In thinking about the difference between what economists refer to as “normal” and “inferior” goods, one may be inclined to think there is a clear dichotomy between the two. Generally speaking, a good would be classified as normal when you consume more of it when your income increases. Conversely a good would be considered to be inferior when you consume less of it when your income increases. It is fairly easy to come up with goods that are generally normal or inferior. For instance, season tickets to a sports team are likely normal goods in that you are more likely to purchase them when your income is higher. Ramen noodles tend to be an inferior good – where you seem to purchase less of them as your income increases (or if you are a college student, more of them by virtue of your low income).
In a price theory course we would explore reasons why a good is normal or inferior, but that is not what I want to bring up here. What I wanted to remind folks is that thinking there is a clear distinction between what is a normal good and an inferior good is not very useful, and for two reasons.
- People have different tastes, values, preferences, interests, objectives, etc. So what is normal to someone might be inferior to someone else, and vice versa. But this concept is not just taste dependent. For instance, for someone that really thinks Ramen noodles are yummy and healthy, perhaps they honestly would purchase more Ramen to eat when their income increased. However, it is also the case that for some people, who do NOT like eating Ramen, the good is still normal! Why?

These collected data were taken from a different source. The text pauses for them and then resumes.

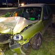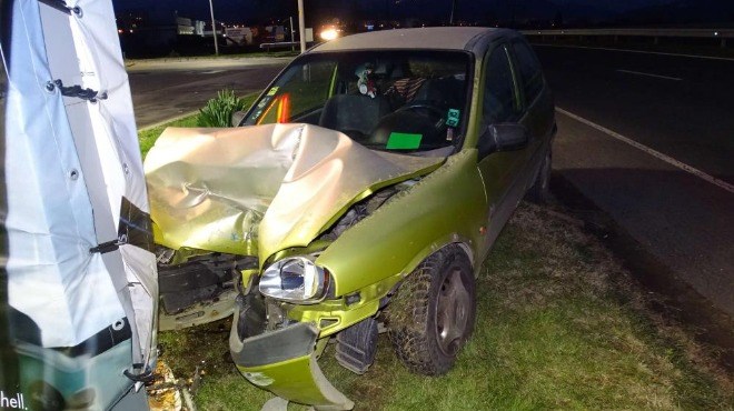 Шофьорка задряма и се заби с колата си в табела на бензиностанция
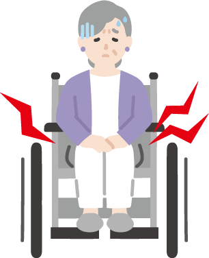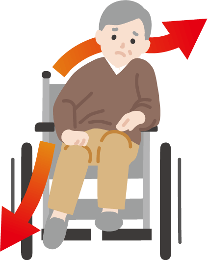 車いすの片側にもたれている人、足を片側に寄せて座っている人、仙骨座り(ずっこけ座り)の人は、お尻の痛みを取り除こうとしてこのような姿勢をとられているケースが多々あります
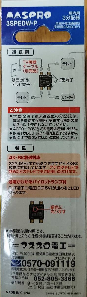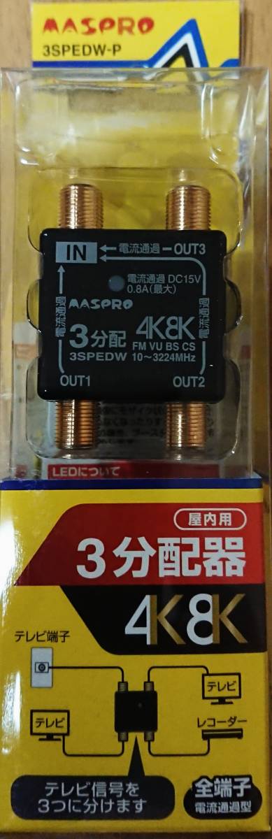 ■4K・8K放送対応 3224MHzまで伝送できますから、4K・8K放送に 対応しています。 アナログテレビを含めたどのテレビでもご使用いただけます。 ■通電がわかるパイロットランプ付 OUT端子に電圧(DC15V)が加わるとLEDが光ります。 ○全端子電流通過型。 ○金メッキ端子。 ○品番:3SPEDW-P ○希望小売価格:7,920円(消費税別) 商品説明 ⇒詳細はこちらでご確認ください。 | ||||
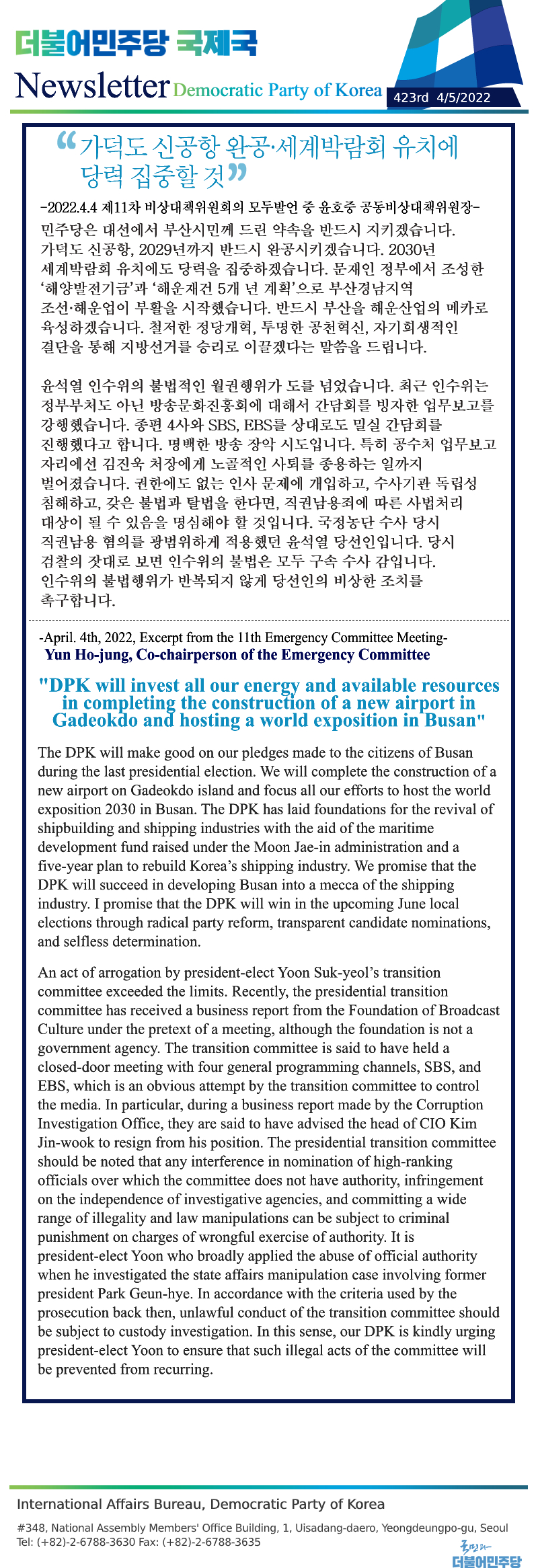 [424th Newsletter] Excerpt from the 12th Emergency Committee Meeting
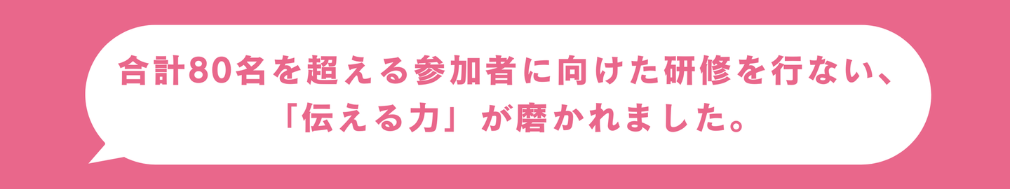 研修では参加者のモチベーション維持が難しいのですが、参加者一人ひとりに対して前向きに語りかけることを心がけています。最初は研修に後ろ向きだった参加者が、最後にはポジティブな発言が増えて積極的に参加してくれていた時には、講師としての成長を感じました。また、講師としての話し方や間の取り方なども、実践経験を重ねることでかなり上達しましたし、同時に弱点も見つけることができました。

Because they might value Ramen in other uses, and when their income increases they will be better able to satisfy these preferences. It might be the case that you want to build Ramen Castles in your garden, or that you wish to gift a package of Ramen per day to everyone in your neighborhood. You could argue that the good in question is no longer Ramen, but something else, but then I think that confirms the point I am trying to make.
- But where I really think this is interesting is that it is not clear that even for a single person or a single good that it is always inferior. Take some good that is inferior, such as a snuggie, or Zimbabwe currency, or Natty Light beer. It is not hard to imagine that if these things are bad enough, people may, at some point, begin to consume more of them as their income goes up. For example, the value of the Zimbabwe currency has plummeted so dramatically that I am looking for a $100 trillion note on eBay to show to a class. My roommates and I held onto a can of “American” beer that we found outside our door way back in Freshmen year. So it might be the case that such badness can be enshrined as a collectors item, or simply as something to tell a story with in the future.
I don’t just bring this up for economic curiosity. It is not hard to imagine that folks who wish to alter our behavior have these ideas in their heads when they are crafting social policy. I just hope they understand what they are doing.